Major Wall Street indexes closed lower on Tuesday as investors booked some profits from a post-election rally and turned cautious ahead of U.S. economic data due this week.
The three major indexes had rallied to record highs since the Nov. 5 U.S. election as investors bet on a boost to equities from President-elect Donald Trump’s proposed tax cuts and the prospect of easier regulatory policies.
But investor enthusiasm was dampened on Tuesday. European shares lost 2% as European Central Bank policymakers warned that increased tariffs from Trump would hamper global growth.
Some of the stocks expected to perform well under Trump gave back gains with shares in electric car maker Tesla falling during Tuesday’s session after rising nearly 40% since election day.
The small-cap Russell 2000 index lost ground after closing at a three-year high on Monday. And rising U.S. Treasury yields hurt equities as bond investors priced in Trump policies.
“The 10-year Treasury yield is kind of creating a headwind against the equity rally. There’s sort of these conflicting signals where investors are celebrating all of these growth initiatives but the bond market is pushing back,” said Jack Ablin, chief investment officer at Cresset Capital.
“The problem is between tariffs, tax cuts and immigration restrictions, it really is pushing on creating inflation pressure that the bond market can’t ignore.”
Russell Price, chief economist at Ameriprise Financial, said the decline in stocks overseas added some pressure to U.S. stocks, along with profit-taking ahead of inflation data.
“When we opened up already experiencing some downside with the very strong run that we’ve had, investors tend to look to take some profits just in case stocks continue to slide,” Price said.
On investors’ radar is Wednesday’s consumer price inflation data, followed by producer prices inflation and retail sales data later this week, as these could provide clues about the U.S. Federal Reserve’s policy path going forward.
The data presents a near-term risk to investments, said Price. “It very likely is contributing to a little bit of the downside that we’re seeing today.”
According to preliminary data, the S&P 500 lost 17.17 points, or 0.29%, to end at 5,984.18 points, while the Nasdaq Composite lost 16.00 points, or 0.08%, to 19,282.76. The Dow Jones Industrial Average fell 377.45 points, or 0.85%, to 43,915.68.
Markets have already dialed back expectations for interest-rate reductions over the next year, given strong economic data and the possible inflationary impact of some Trump policies.
Minneapolis Federal Reserve Bank President Neel Kashkari said Tuesday afternoon that U.S. monetary policy is “modestly restrictive,” with short-term borrowing costs continuing to slow inflation and the economy, but not by a lot.

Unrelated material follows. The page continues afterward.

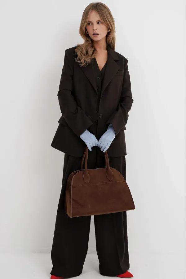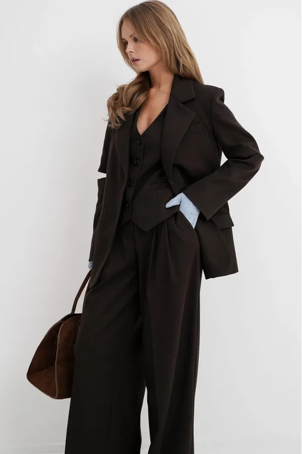 Текстильный костюм-тройка из оверсайз жакета с разрезами по рукавам, полуприлегающего жилета и широких брюк-палаццо. Детали: жакет свободного покроя, прямой силуэт, застежка на петли и пуговицы, функциональные карманы, жакет на подкладке. Жилет полуприлегающего силуэта, талиевые вытачками, застежка на петли и пуговицы, функциональные карманы, фигурный низ, на подкладке. Брюки с притачным поясом со шлевками, перед со складками и заутюженными стрелками, застежка на молнию и пуговицу, боковые карманы. Задние части брюк с вытачками и имитацией карманов. Длина жакета по спинке около 71 см в размерах 40-48 и около 73 см в размерах 50-52, длина рукава около 61 см. Длина жилета по спинке около 48,5 см в размерах 40-46 и около 51,5 см в размерах 48-52. Длина брюк по боковому шву с поясом около 109,5 см, длина по внутреннему шву около 83 см.
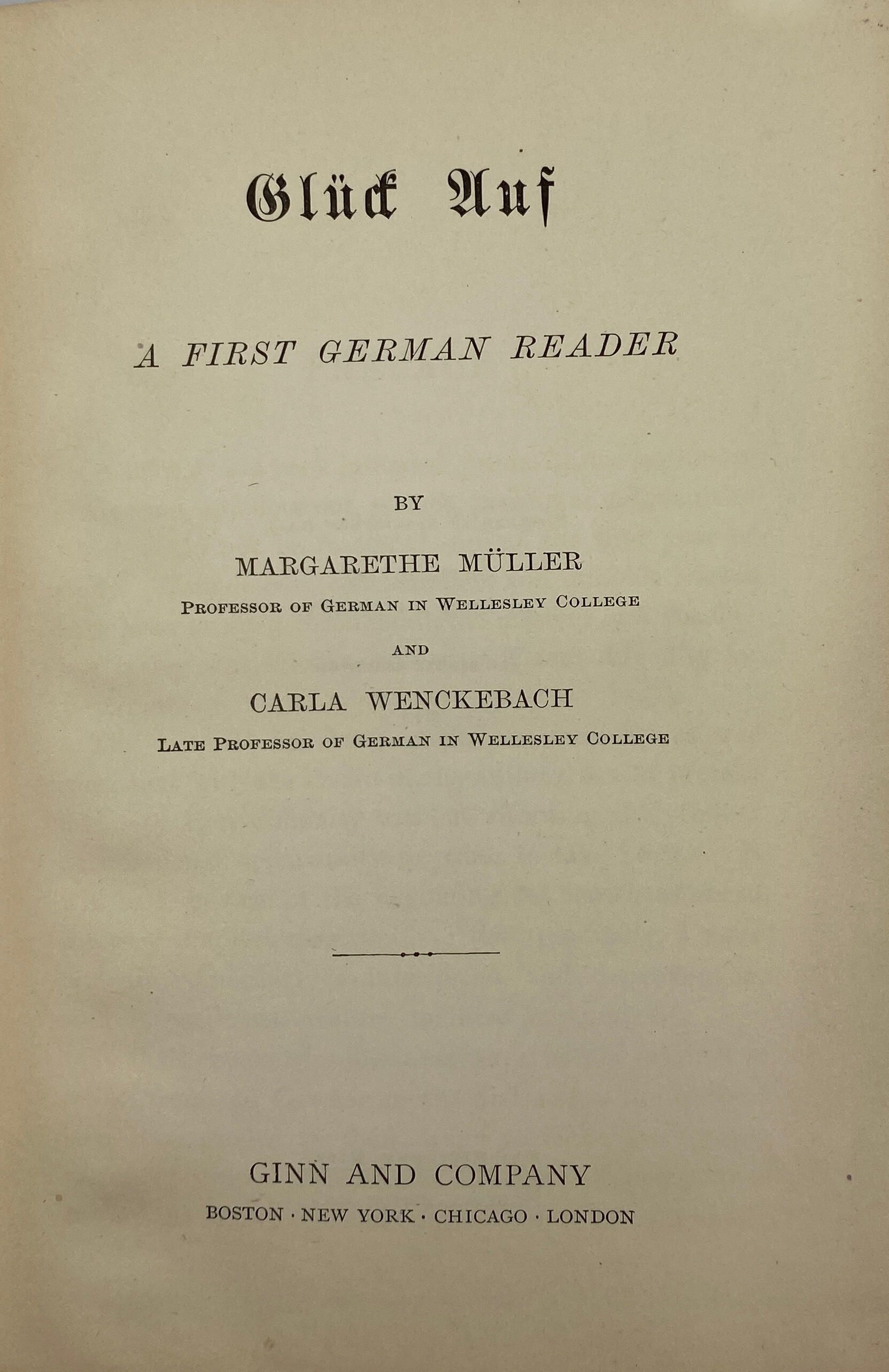 Gluck Auf (Good luck), a first German reader by Muller & Wenckebach, 1901. Published by Ginn and Company, Boston, USA.Cataloged By

Richmond Fed President Thomas Barkin said earlier in the day that the U.S. central bank is ready to respond if inflation pressures rise or the job market weakens.
Biotech firm Novavax dropped after cutting its annual revenue forecast due to lower-than-expected sales of its COVID-19 vaccine.
Honeywell hit a record high after activist investor Elliott Investment said it has built a stake worth more than $5 billion in the industrial conglomerate.
Wall Street firms are expected to pay heftier bonuses for this year, the first increase since a bumper year in 2021, according to a report by compensation consultancy Johnson Associates.
Payouts will probably rise after financiers benefited from several factors in recent months: a recovery in dealmaking, the Federal Reserve cutting interest rates and equity markets surging to record highs, said the consultancy’s founder, Alan Johnson.
“This year has been surprisingly good, and the industry is quite optimistic about 2025, especially with the potential of announcing more M&A deals,” he said, referring to mergers and acquisitions.
While bonuses will be more generous, they will remain below the record levels from 2021, when revenue and compensation were “abnormally good,” Johnson said.
Investment bankers in debt underwriting are projected to receive the biggest surge in bonuses of 25% to 35% for 2024, the estimates showed, buoyed by a resurgence of activity. Their counterparts in equity capital markets will likely get boosts of 15% to 25%.
Meanwhile, a slower recovery for M&A will result in more modest bonus increases of 5% to 10% for bankers advising on transactions.
Traders will also reap a windfall from more volatility and rising equities, the report showed. Equity sales and trading professionals can expect their bonuses to climb about 15% to 20%, while in fixed income, payouts will probably rise 5% to 10%.